He lifted his eyes to her. “Now that so much time has passed,” said a worn-out Alexander, “and there has been no sign of him, and they haven’t found a trace of him, I think”—he paused—“that Anthony might have been taken prisoner.”
Prisoner! Tatiana scrutinized him. Why did he say that so wretchedly? Wasn’t that better than the alternative?
“That’s what I’ve been looking for all along,” he admitted. “Any classfied intel of him in a POW camp.”
They stared at each other, Tatiana becoming grimmer with each breath she took as she tried to absorb the gravity of what he was telling her. She couldn’t touch him, she felt him from across the path so afraid.
“Why are you trying to invent more trouble?” she said, trying to sound casual. “Don’t we have enough? I keep telling you, let’s just wait and see.” She reached for his hand. “Come on, let’s go back to bed.”
“After hammering at me for half the night you now don’t want to hear it?” Alexander said with disbelief.
Letting go of him, Tatiana said nothing.
“Tell me,” Alexander said, “if Ant is taken prisoner by the NVA, do you think the KGB might be interested in the fate of an American soldier whose name is Anthony Alexander Barrington?”
“Shura, what did I say?
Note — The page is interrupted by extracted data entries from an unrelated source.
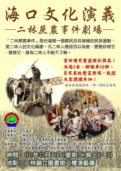 【海口文化演義】公演,於12月11日晚上6:30假二林鎮立圖書館二樓演藝廳演出!備有豐富摸彩品,歡迎大家蒞臨指導!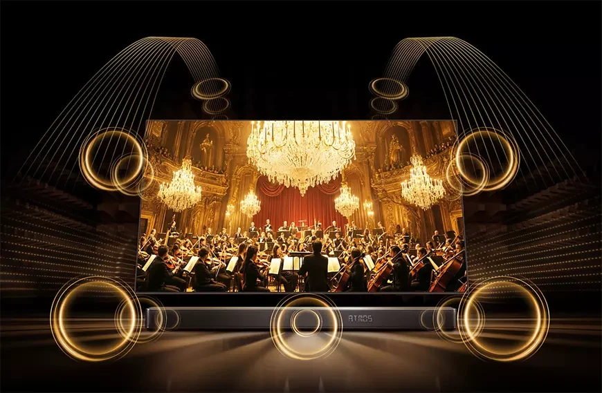 Встроенная акустическая система имеет формат 4.1.2 и включает семь динамических излучателей, два из которых расположены по бокам корпуса, по два в верхней и нижней части, а по центру находится низкочастотный динамик. Их общая мощность составляет 90 Ватт, что весьма прилично для 65-дюймового телевизора. Еще одно преимущество звуковой системы – поддержка технологии Hi-Concerto, позволяющей объединить «голос» телевизора со звучанием фирменного саундбара, такого, например, как Hisense HT Saturn.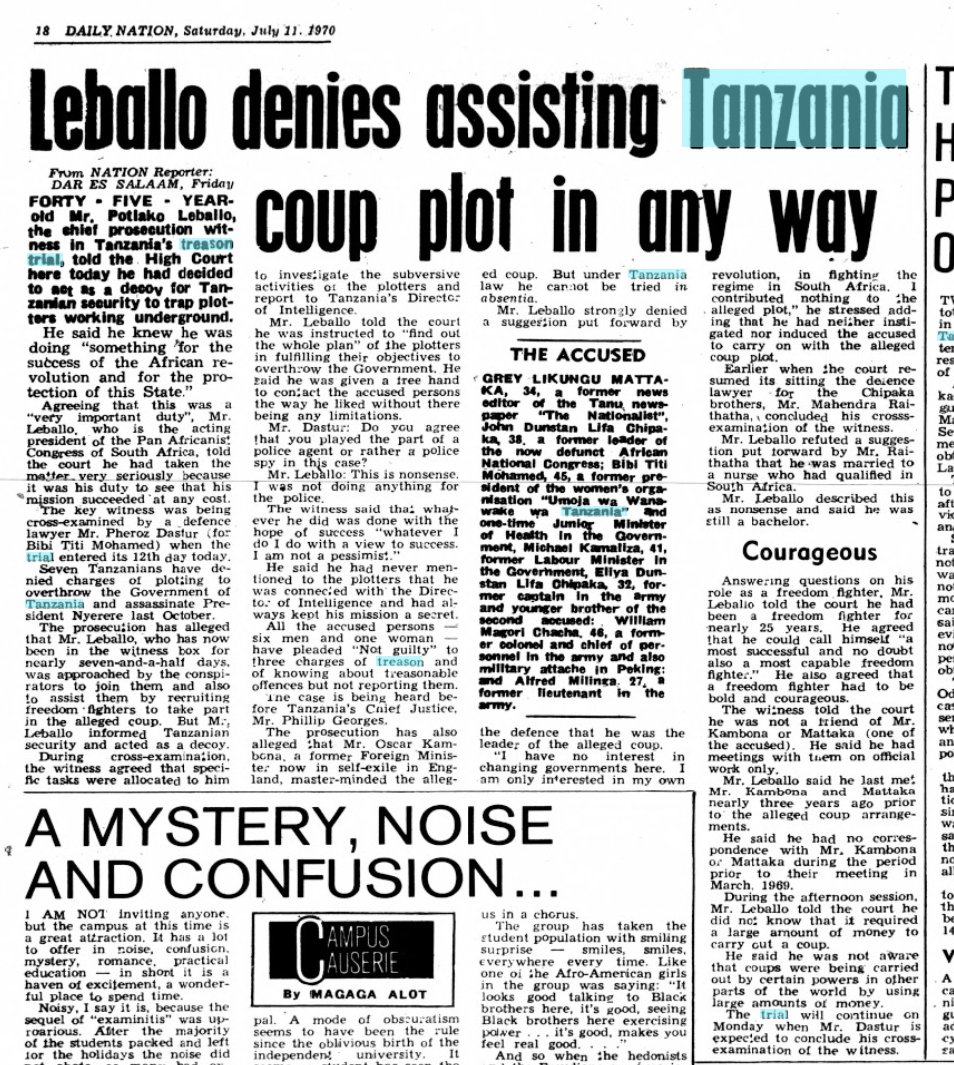 3/ A key witness for the prosecution was Potlako Leballo, sometime leader of the Pan-African Congress, a South Africa-based anti-apartheid organization headquartered in Dar.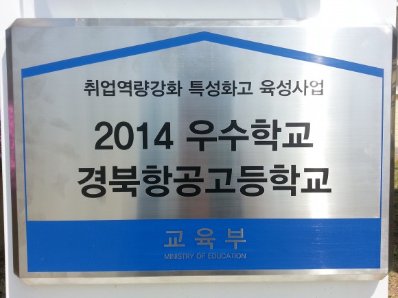 경북항공고등학교(교장 김병호)는 22일 충남대학교 정심화홀에서 실시된 '2014 취업역량 강화사업 우수학교 및 유공교원 시상식에서 우수학교로 선정되어 현판과 교육부 장관상을 수상하였다.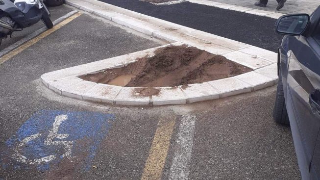 Nella speranza che si tratti soltanto di un errore momentaneo e che nella ridisegnazione degli stalli si trovi la possibilità di realizzare quello per disabili, non si può fare a meno di notare l’eccessiva originalità di quella aiuola. Una piccola mezzaluna che potrà ospitare qualche piccola pianta, ma nulla di più. Ma ripetiamo, è forse soltanto il frutto di una svista momentanea e presto i cittadini disabili recupereranno il parcheggio perduto.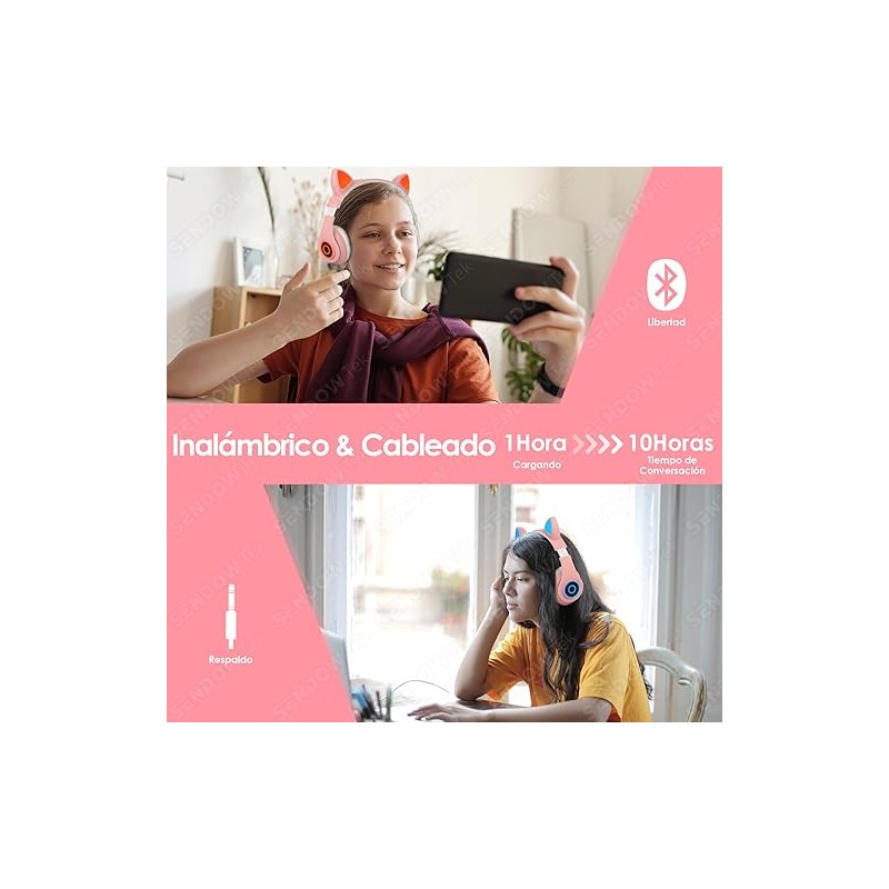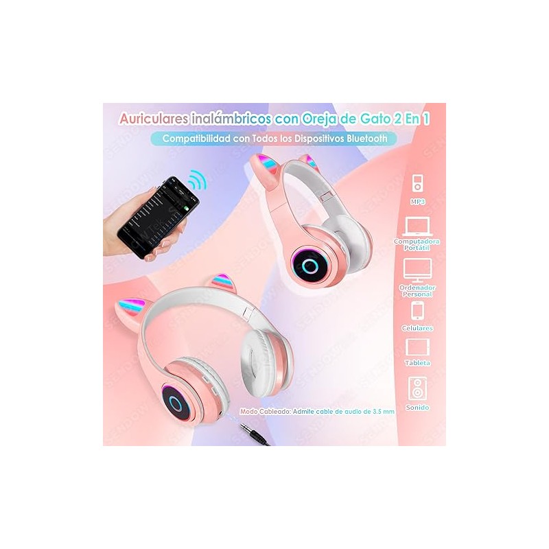 Sendowtek - Sendowtek Auriculares Inalámbricos con Orejas de Gato - Bluetooth 5.0, Micrófono, Plegables, LED, Over-Ear, Hi-Fi para Juego/Música/PC/Celular (Rosa). 🏆 Reconocido por su excelente relación calidad-precio. Diseño ergonómico y funcionalidad excepcional. 📦 Entrega rápida y segura. Ideal para quienes buscan lo mejor en calidad y estilo. Producto auténtico con satisfacción total asegurada. ¡No te quedes sin el tuyo y aprovecha esta oportunidad única!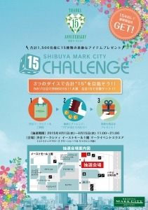 渋谷マークシティ15年間のご愛顧の感謝の気持ちを込めて、特別な抽選会を行います。ダイスカップを使って3つのサイコロを振り、「15」を記念して5・5・5のゾロ目が出れば大当たり。サイの目の合計15でも素敵な商品が当たります。 期間:2015年4月1日~4月15日(15日間)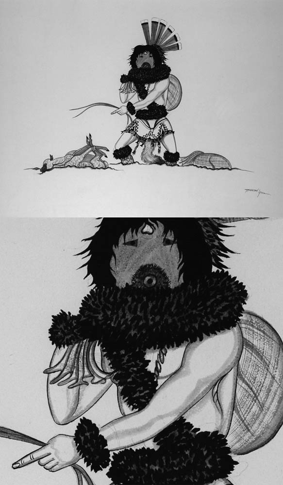In this black and white painting, likely done later in Yazz’s career, a Yei has captured a deer and is about to put it in a storage bag. Thematically, this piece is much more solemn than many of Yazz’s earlier paintings, but it is beautiful nonetheless.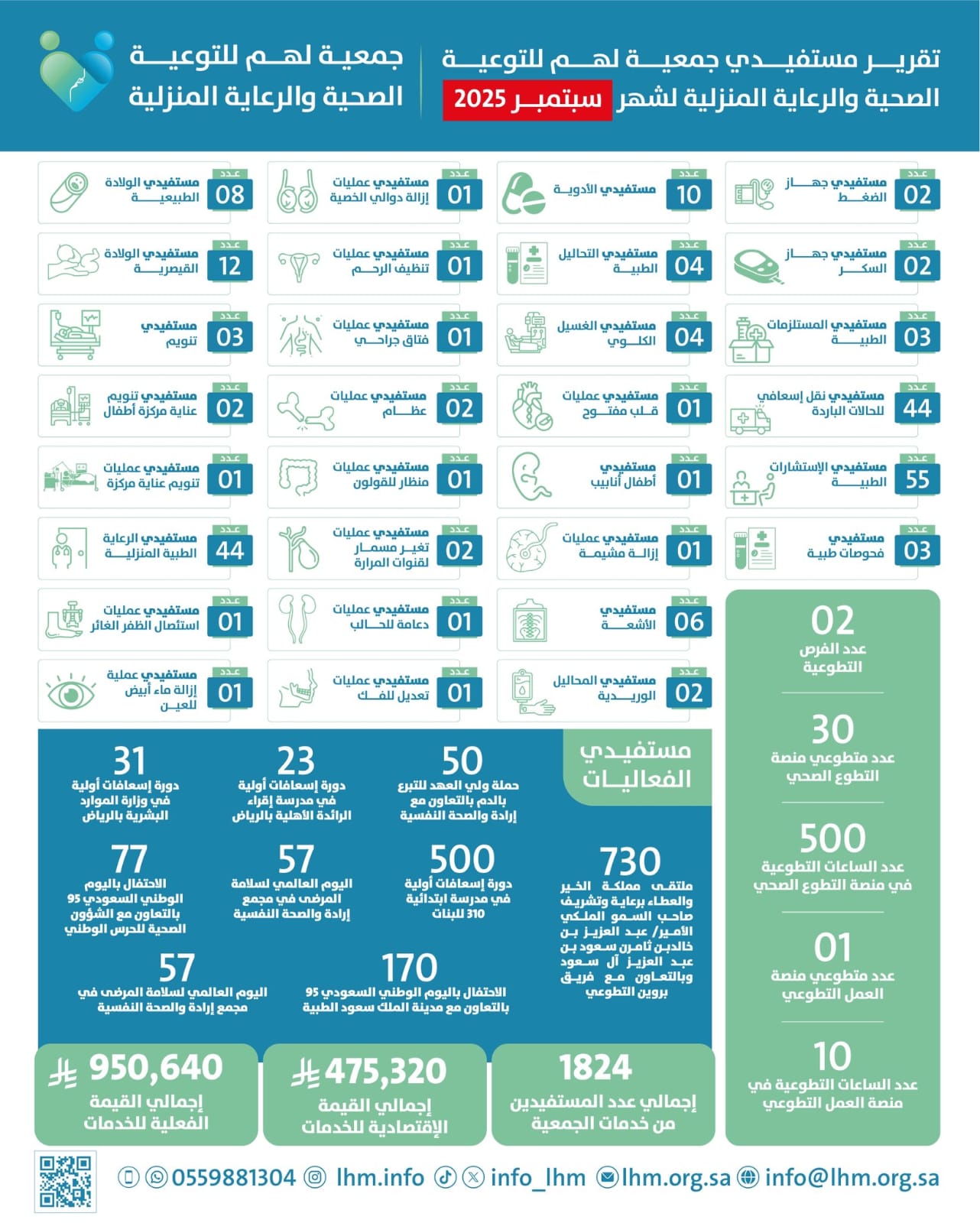أنهت جمعية “لهم” شهر سبتمبر بسلسلة من المبادرات الصحية والإنسانية التي جسّدت رسالتها في تعزيز الوعي الصحي وتقديم الرعاية المنزلية للفئات الأكثر احتياجًا، ضمن رؤية ترتكز على التمكين المجتمعي والاحتواء الإنساني.

Don’t tell me anymore.” Her hands were at her heart.
“If he was captured—”
“Please don’t speak! I’m begging you.”
She backed away but he came after her, taking her by her arms, his eyes in a blaze. “In Romania,” Alexander said, “they just picked up a 68-year-old man and brought him to Kolyma. Gave him ten years. The man had escaped from a Kazakhstan collective in 1934. In 1934, Tania, and they
just
picked him up. He was a nobody—a nobody who hopped on a train and kept going.”
“Please stop speaking!”
But Alexander wouldn’t stop. “What do you think—is my meter-thick file open or closed with the KGB?”
“This is absurd, what you’re thinking,” Tatiana said breathlessly. “They’re not—”
“Anthony had three tours in Vietnam without incident and disappeared a month before his fourth was over. You don’t think his luck has run out? You don’t think Pushkin’s Queen of Spades is bearing ill will?”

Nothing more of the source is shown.